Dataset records

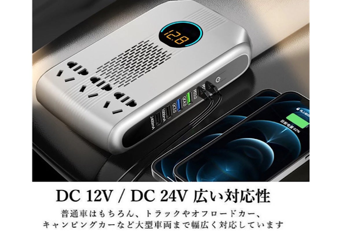 - DC12V/24VをAC110Vに変換、カーインバーター
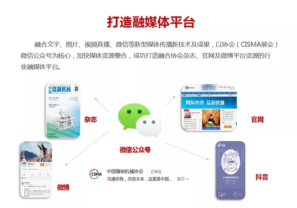 一是升级媒体传播渠道。围绕行业信息需求,与时俱进融合文字、图片、视频直播、微信等新型媒体传播新技术及成果,以协会和CISMA展会微信公众号为核心,加快媒体资源整合,成功打造融合协会杂志、官网及微博平台资源的行业融媒体平台。
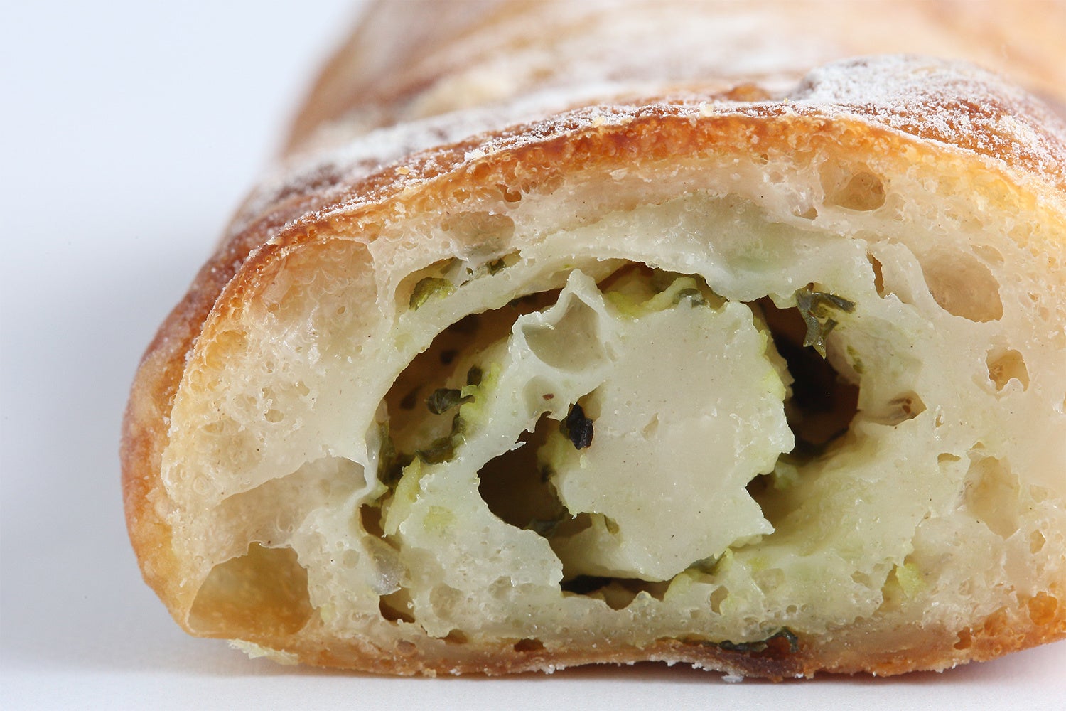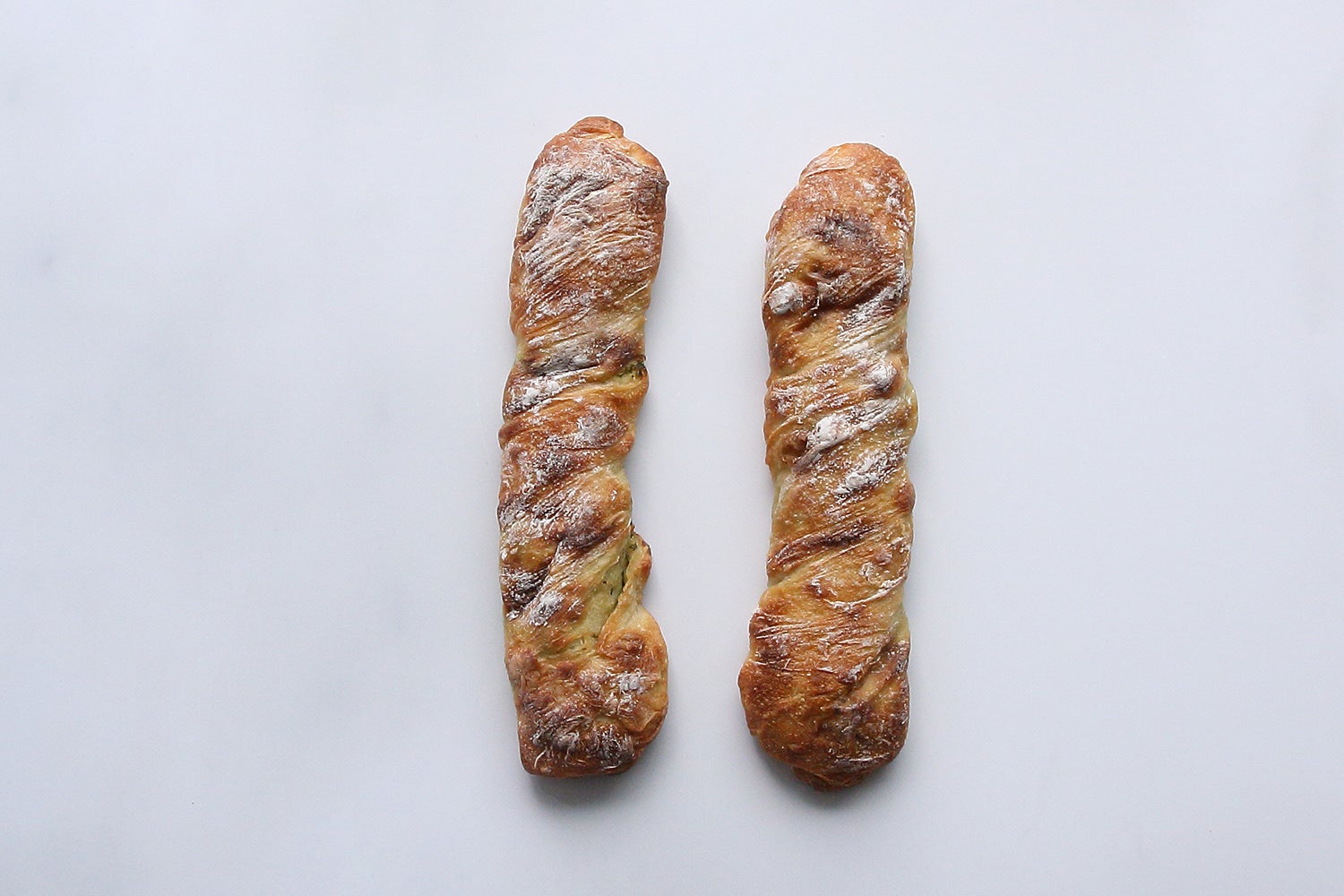 国産小麦100%配合。生地全体に、ガーリックバターをクルクルと巻いているので、全体に香りの良いガーリックの風味が感じられます。
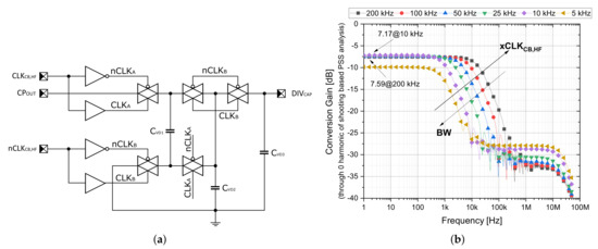 The high-frequency branches are directly fed from the external clocks and drive transmission gates (TGs) in the capacitor-switching voltage divider across fast drivers and inverters (designed as type 1 in top-level block scheme, Figure 1). The main objective of this step is to eliminate static power consumption and exploit a greater inherited compactness compared to bulky resistors with higher resistance value. The proposed voltage divider of type 1 is shown in Figure 5a, where capacitors can be arranged by TGs connected into a serial-parallel cycling reconfiguration. Due to the fact that capacitors and are of the same size (capacitance of 15 pF), the ratio of ≈0.5 is provided at steady state. However, if a dynamic- technique is employed together with quite large TGs ensuring reliable on-state under low-voltage conditions ( 400 mV, = 250–300 mV/300–350 mV for long/short channel, respectively, in a standard 130 nm CMOS technology), the dominant parasitics effect such as charge injection and clock feedthrough cannot be fully neglected. Additionally, the dynamic bulk-switching fosters discharging effects that degenerate the dividing ratio (the issues of low frequency). For these phenomena, the post-extract simulation (PEX) under the nominal conditions reveals 92–224 mV of variation in DC value, where for 25 kHz and 50 kHz driving frequencies, the best results of 193.4 mV and 210.3 mV are achieved, respectively. Figure 5b shows the conversion gain transfer function of the to node through zero harmonic obtained from the PSS-PAC type analysis. The achieved results demonstrate slightly lower ratio around −7.4 dB in comparison to the intended value of −6 dB. With a link to time-based analysis observations, the non-negligible influence of parasitics effect can be deduced. Adding the filtrating capacitor with the capacitance value of 40 pF at the output node, the capacitor-switching voltage divider is obtaining a character of first order low-pass filter with frequency-dependent corner frequencies of the 1 kHz–20 kHz range related to clocks and , which is the characteristic property of many other systems utilizing the switching capacitor technique. Since the divider and control logic are necessarily supplied by the high-voltage domain (i.e., ), the use of the clock booster or level shifter auxiliary circuits must also be a part of the design. In other words, the low-voltage domain (supplied by the input voltage ) must be able to control the high-voltage domain and ensure its reliable operation. For this purpose, the popular Nakagome’s clock booster with dynamic- technique was employed [20,28].
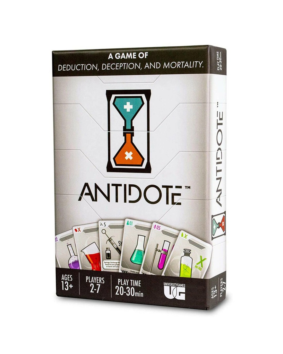 In Antidote, you are a laboratory scientist working for a giant chemical research conglomerate. When you and your lab are suddenly exposed to a deadly toxin, you must work quickly to share your research and discover the Antidote before it's too late! In the game, players take turns deciding what action all other players take: either discard from their hand or trade research with other players. Eventually all your cards will run-out and you will be left with just one that you must “drink” and hope its the Antidote. If this card is the true Antidote, you're cured and live! If not…you die, but you can always try again! Ages: 13 + | Players: 2 - 7 | Playtime: 20-30 min
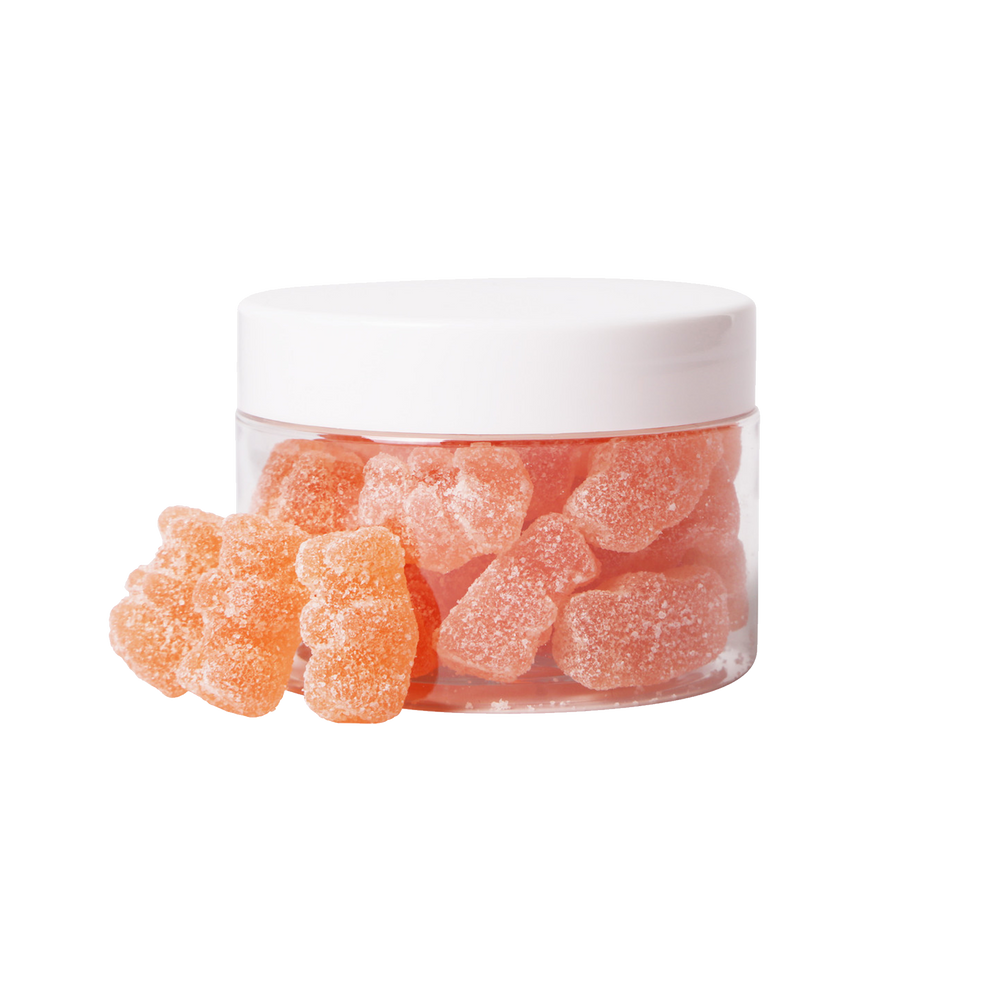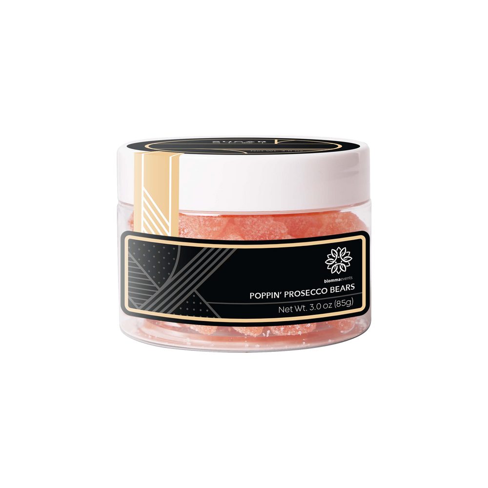 Pop, fizz, clink - it's time for a toast! Enjoy a jar (3oz) of Prosecco Tart Gummy Bears - Sweet prosecco-flavored gummy bears finished with tart sugar crystals. Non-alcoholic.
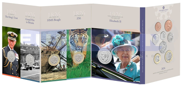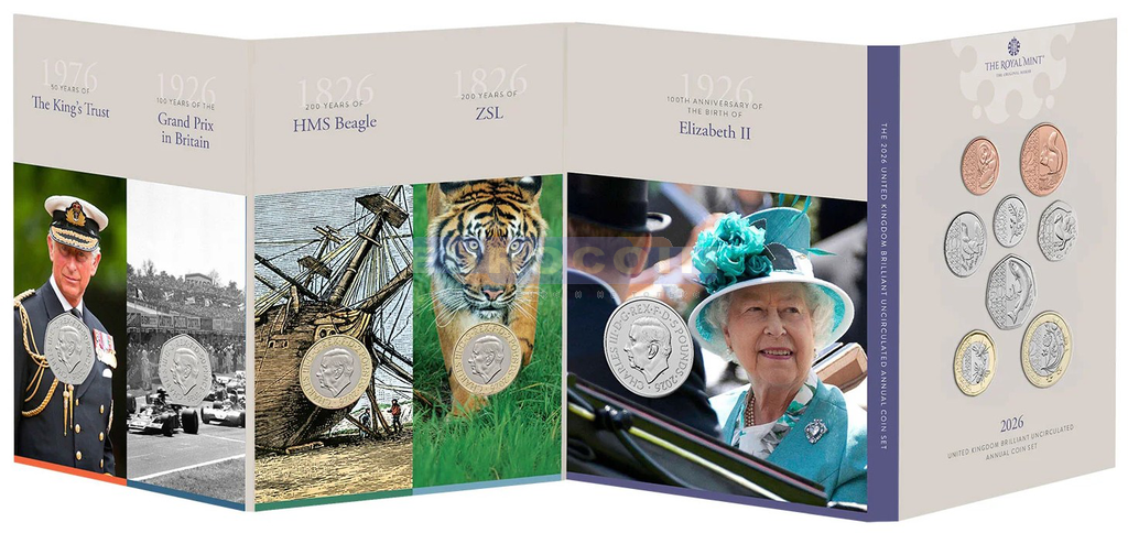 Великобритания, официальный годовой набор 2026 (13 монет): 1 - 50 пенсов - 1 и 2 фунта + + 2 x 50 пенсов (Гран-при Великобритании и Траст Короля) + 2 х 2 фунта (Зоологическое общество Лондона и HMS «Бигль») + 5 фунтов (Королева Елизавета II)

TASK STATEMENT — Print again, exactly, the lines of the records above from the first line through the line with "国産小麦100%配合。生地全". No pictures.

EXPECTED ANSWER —
 - DC12V/24VをAC110Vに変換、カーインバーター
 一是升级媒体传播渠道。围绕行业信息需求,与时俱进融合文字、图片、视频直播、微信等新型媒体传播新技术及成果,以协会和CISMA展会微信公众号为核心,加快媒体资源整合,成功打造融合协会杂志、官网及微博平台资源的行业融媒体平台。
 国産小麦100%配合。生地全体に、ガーリックバターをクルクルと巻いているので、全体に香りの良いガーリックの風味が感じられます。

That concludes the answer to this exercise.